Fine Grained Permissions for Augmented Reality Applications

  • Suman Jana ,
  • David Molnar ,
  • Alex Moshchuk ,
  • Alan Dunn ,
  • Ben Livshits ,
  • Helen Wang ,
  • Eyal Ofek

Proceedings of the 22nd USENIX Security Symposium |

Augmented reality (AR) applications sense the environment, then create virtual objects overlaid on human senses. Examples include games such as Kinect Adventures! and tablet applications that show virtual furniture in the context of a real room. No current OS has special support for such applications, so they must perform all sensing and object recognition themselves. As a result, permissions for AR applications are necessarily coarse grained: applications must ask for access to raw sensor feeds, such as video and audio. Unfortunately, these raw feeds expose significant additional information over and above what applications need, such as location, identity of the user, or sensitive information written on documents.
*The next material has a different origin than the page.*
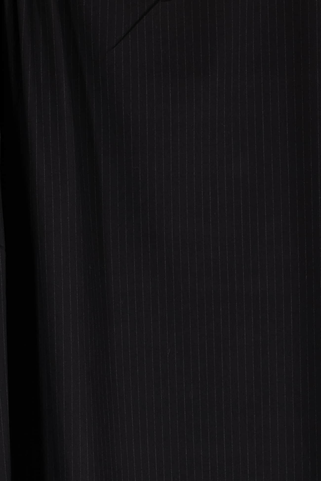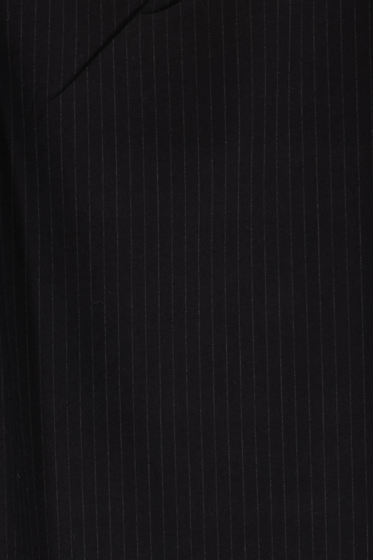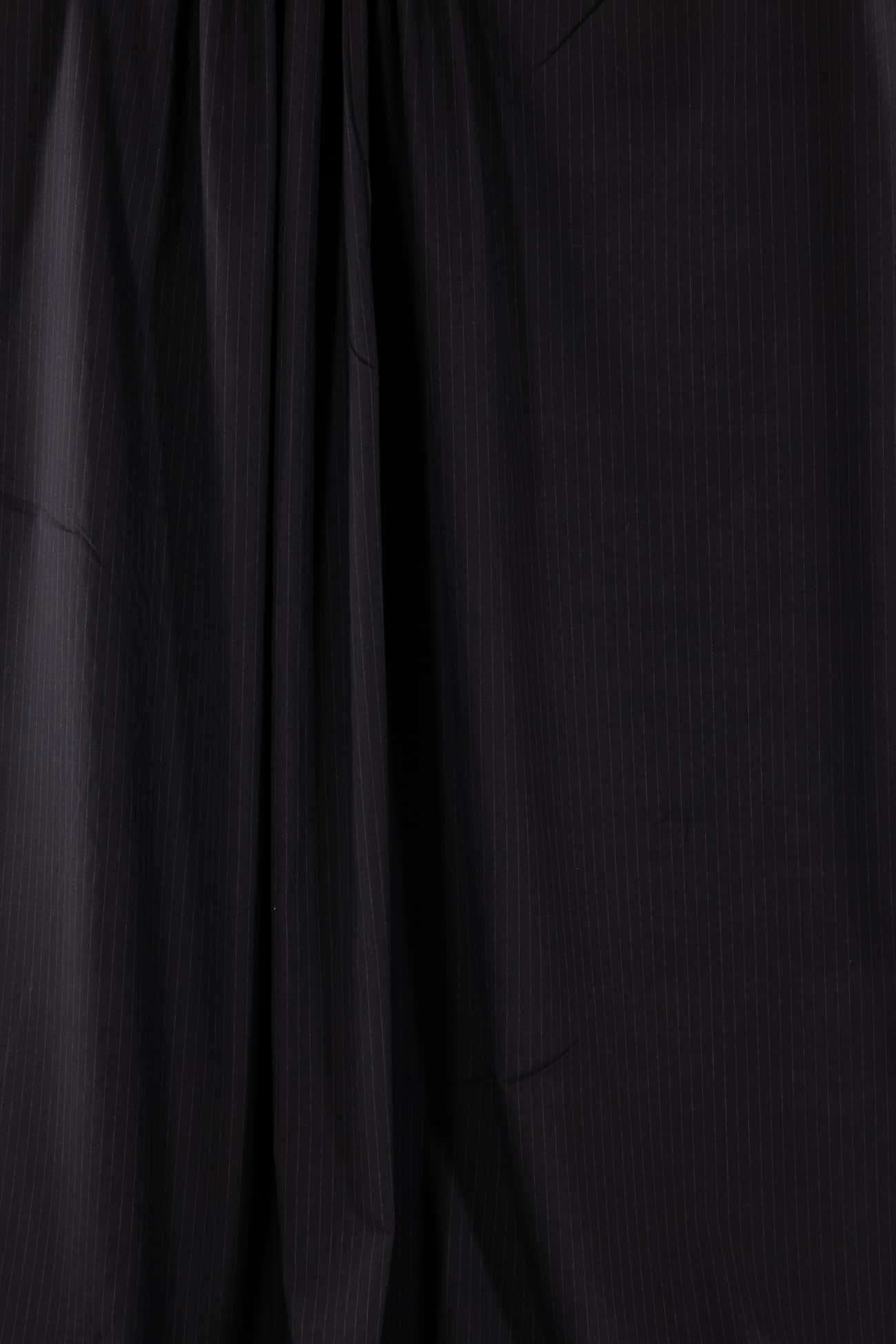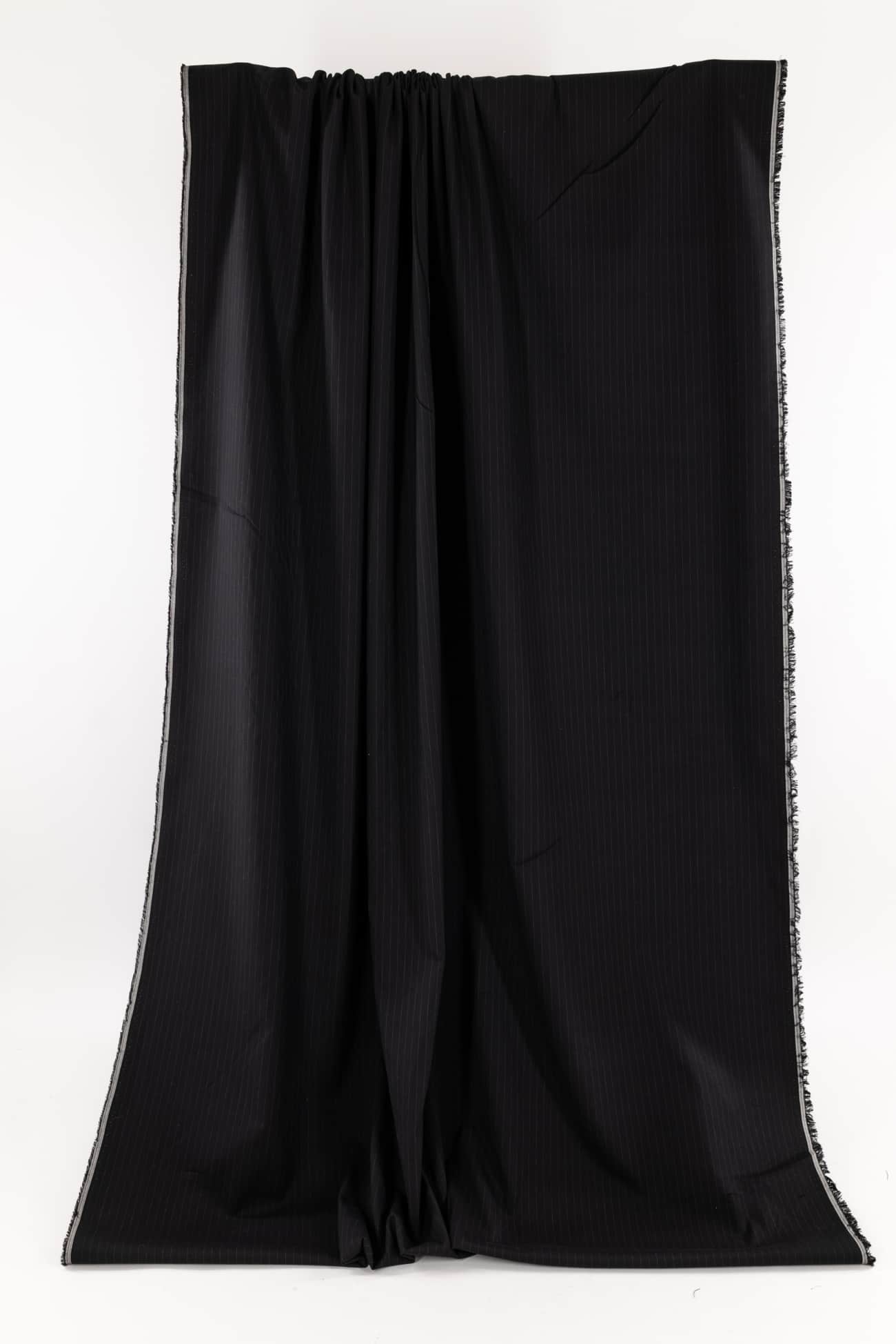 Classic worsted wool in black with a fine line, pale-taupe chalk stripe, deadstock from an LA designer is lightweight with a smooth cool dry hand and supple drape. The weight is right for a dress, blazer, jacket, vest or coat, skirt or pants for men or women. Worsted wool is made from long staple wool fibers that are combed and twisted to make a smooth, fine grained sleek feel, typically used in men's suiting.

To meet the needs of AR applications, we introduce a new OS abstraction: the recognizer. A recognizer takes as input raw sensor streams, then outputs higher-level objects, such as a skeleton or a face. We introduce a novel fine-grained permission system where AR applications can obtain the output of recognizers, but do not see the raw sensor data. We tackle the problem of permissions with noisy data, as recognizers may have false positives. We introduce a trusted OS component for managing noisy data in a prototype using the Kinect for Windows SDK. We show how recognizers in the OS eliminate duplication of heavyweight object recognition across applications, and we quantify the resulting performance improvement. Finally, we introduce privacy goggles, which allows users to inspect what data the application can see, both at install time and afterwards. We show that a small set of recognizers are sufficient to support all shipping Kinect applications, and we quantify users’ privacy attitudes toward the output of these recognizers.